– Nie ma tych 2 miliardów, to mogę powiedzieć, bo śledzę tę sprawę. Było 600 milionów, od wielu tygodni już wydanych. Jest wyzerowany fundusz dopłat, od wielu tygodni nie są podpisywane umowy. A chodzi przecież o inwestycje na tanie mieszkalnictwo w całej Polsce. […] Nie wiem, kiedy nastąpi ten „swój czas” – powiedziała Katarzyna Pełczyńska-Nałęcz w „Gościu poranka” TVP Info, pytana o wymianę zdań z ministrem rozwoju Krzysztofem Paszykiem na X:

– Ja nie szukam żadnego konfliktu, ja dowożę ludziom to, co cała koalicja i my razem się zobowiązaliśmy zrobić. Zobowiązaliśmy się budować tanie mieszkania w ramach społecznego budownictwa? Róbmy to. To jest to, co ja robię, o co zabiegam – przekonywała ministra funduszy i polityki regionalnej.

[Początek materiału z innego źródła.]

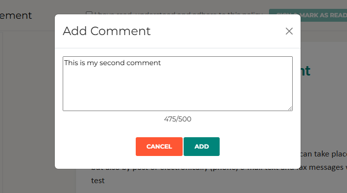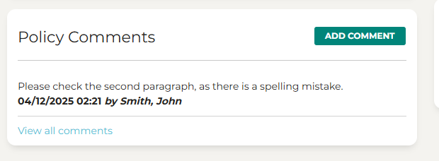 For example, you may have a policy assigned to you, but you spot an error or an adjustment that needs to be made. You can press the Add Comment button, which will add the comment to the Policy Information Page.

– Pan mnie pyta o słowa innego ministra. Proszę zapytać pana ministra. Ja nie odpowiadam za słowa innego ministra, ja odpowiadam za siebie. Jeśli chodzi o mnie – walczę o wspólną sprawę, którą się zobowiązaliśmy ludziom dowieźć […] Dla mnie nie są ważne jakieś słowne, może niestosowne sformułowania. Dla mnie jest ważna sprawa. Obiecaliśmy – zróbmy – wskazała.